美国国家公共电台 NPR In Kitchens Across New York, 'Oh My Sweet Land' Serves Up Stories Of Syria(在线收听

 

AILSA CHANG, HOST:

Many plays have been called kitchen sink dramas because of their attempts at realism. A new play takes that to the extreme. "Oh My Sweet Land" uses not only the sink but the stove, refrigerator, food processor, a chopping board and a very big knife in kitchens all across New York. In these intimate settings, audiences watch an actress prepare a typical Syrian dish and tell stories about the civil war. Here's Jeff Lunden.

JEFF LUNDEN, BYLINE: The kitchen I went to in Carroll Gardens, Brooklyn, was clean and organized - baskets of lemons, rows of cooking oil. As music played on the radio, a woman with long, curly hair puttered around the kitchen, putting a package of meat in the fridge, sauteing pine nuts. Then she began to speak.

(SOUNDBITE OF PLAY, "OH MY SWEET LAND")

NADINE MALOUF: (As character) Since I came back, I make kibbeh again and again as if I want to close a hole in my soul.

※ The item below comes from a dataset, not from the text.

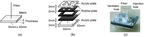 Figure 9 shows the dimensions of the specimen for the pullout test of the individual bundled aramid fiber and the constitution of the mold. The specimen is a thin plate made of the matrix without a fiber in which an individual fiber is embedded at the center of the plate. The dimension in the plane section is 30 × 30 mm2, and the thickness of the plate is one of the experimental parameters. The mold consists of two acrylic plates and three rubber plates. A total of five plates are fixed by bolts so as not to cause any visible deformation of the rubber plates. An individual fiber is positioned by the holes of the upper and lower rubber plates. A cementitious matrix is poured from the injection hole and the ventilator holes function so as not to make air voids. The thickness of the specimen is varied by changing the thickness of the middle rubber plate. The dimensions of the specimen and the mold are exactly the same as those used in the authors’ previous study [17].
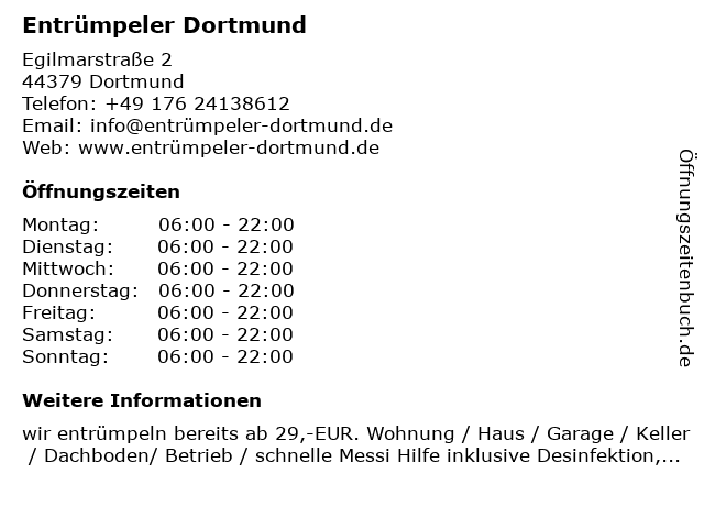 | Öffnungszeiten Entrümpeler Dortmund in Dortmund anzeigen | |

AMIR NIZAR ZUABI: I had to guarantee that the audience tears up, so there's a lot of onion cutting.

LUNDEN: That's Amir Nizar Zuabi, the playwright and director of "Oh My Sweet Land." A Palestinian, he got the idea for the play several years ago when he traveled to Syrian refugee camps in Jordan. He adapted several of the stories he heard. And since food and hospitality are a cornerstone of Arab culture, he included cooking.

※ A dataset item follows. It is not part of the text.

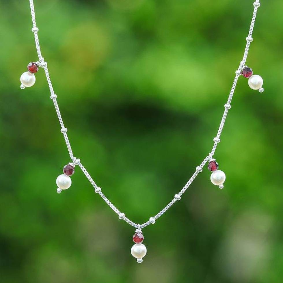 2-Carat Garnet Cultured Pearl Silver Charm Station Necklace 'Fiery Luster' Item ID: 2676653314
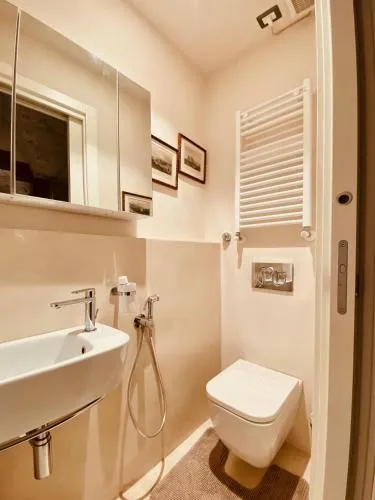 TV, Asciugacapelli, Zona soggiorno, Lavatrice, Bagno privato, Riscaldamento, Cucina, Canali via cavo, Vasca o doccia, TV a schermo piatto, Vista, Prodotti per le pulizie, Asciugamani, Biancheria per la casa, Tavolo da pranzo, Intera unità situata al piano terra, Appartamento privato in edificio, Carta igienica, Libri, DVD o musica per bambini, Calici da vino, Shampoo, Balsamo, Presa elettrica vicino al letto, Vista cortile interno, Vista su strada tranquilla, Purificatori d'aria, Gel igienizzante per le mani

ZUABI: I didn't want to do a horror show. It's important to remember that this is an attack on a culture. Not just the political situation, it's an attack on the way of life. And the loss in Syria is also this. It's the loss of normality, of just the ability to break bread together and meet.

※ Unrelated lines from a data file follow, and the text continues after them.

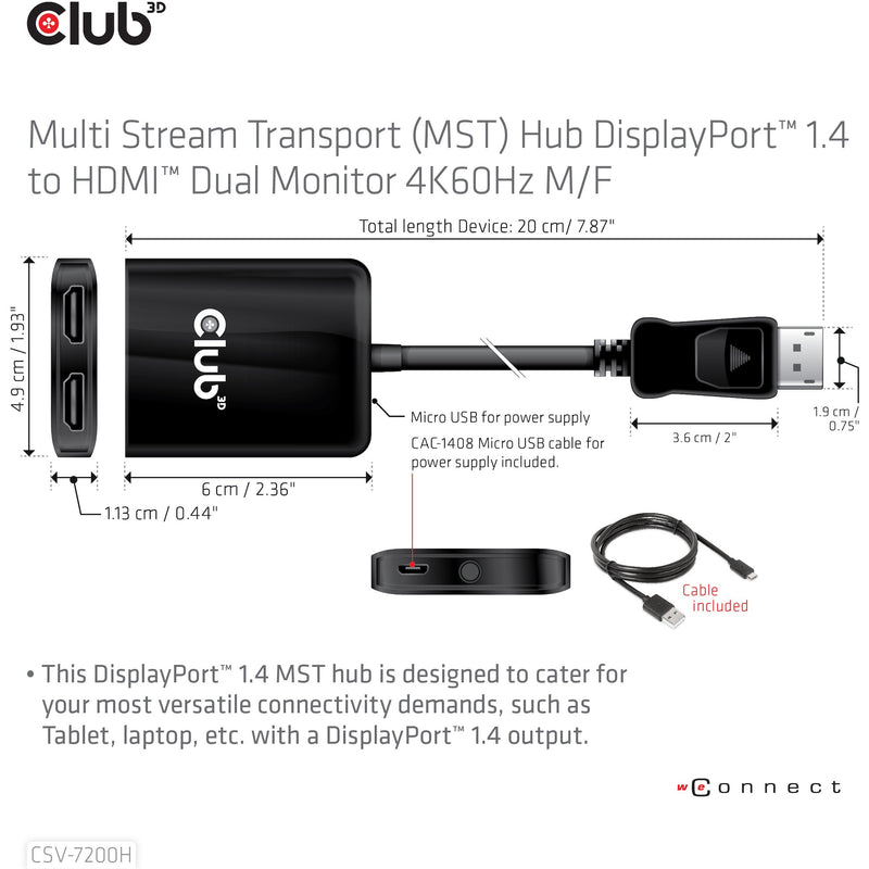 CLUB3D CSV-7200H. Video Porttyp: DisplayPort. Teilnehmerausgang: 2x HDMI. Zertifizierung: Meets ROHS. FCC. and CE EMI requirements. Ursprungsland: China
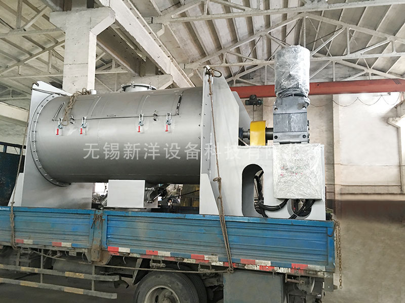 2、臥式筒體:臥式筒體承載物料,筒體上部設(shè)有進料口、觀察孔,筒體一側(cè)開有物料清洗門。
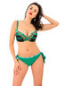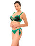 Купальный костюм. Бюстгальтер с формованными чашками. Верхний срез стана обработан однотонной обтачкой, переходящей в регулируемые бретели. По боковому срезу мягкая сборка. Трусы-танга с низкой посадкой из однотонного полотна, на завязках сбоку. Завязки из полотна с принтом.

(SOUNDBITE OF PLAY, "OH MY SWEET LAND")

MALOUF: (As character) I (laughter) remember my father standing at the window, shouting (foreign language spoken) to strangers when they walked by (laughter). Come in. Eat - people looking at the strange man holding a plate of food at the window, inviting passers-by in for coffee or food. (Foreign language spoken).

I had never done anything so difficult before (laughter).

LUNDEN: Actress Nadine Malouf not only tells the harrowing story of a woman who follows her Syrian lover to the Middle East but cooks kibbeh while she tells it.

MALOUF: I have nicked myself a few times. I've burnt myself with oil. I've - you know, wounds - war wounds.

LUNDEN: The Australian actress of Middle Eastern and European descent says dealing with the emotions and cooking...

MALOUF: It was a little bit like, you know, rubbing your belly and tapping your head at the same time.

(SOUNDBITE OF PLAY, "OH MY SWEET LAND")

MALOUF: (As character) All around us, Syrians argue loudly about politics.

LUNDEN: As the kitchen gets messier, so does the story.

(SOUNDBITE OF PLAY, "OH MY SWEET LAND")

MALOUF: (As character) We arrive in Tafas. Some of the buildings have been so heavily shelled, they seem to defy gravity. They look like lace, like concrete lingerie.

LUNDEN: Watching the play in this setting becomes almost painfully intimate for both the audience and the actor, says Nadine Malouf.

MALOUF: You tell immediately, you know, like, who doesn't want you to look at them. And I understand that because there's, you know, a safety in the audience being in the dark and the actors on the stage. And that's very safe for both parties. Here, no one is safe (laughter).

LUNDEN: After the show, audience members stood outside to chat and eat a piece of baklava. Allison Martin, a nurse practitioner, called the experience incredibly visceral.

ALLISON MARTIN: Being in the small space and the smell of the onions midway through really brings the far away to right here in front of us.

LUNDEN: And that's the point of "Oh My Sweet Land." The onions, spices and stories linger long after the final bow. For NPR News, I'm Jeff Lunden in New York.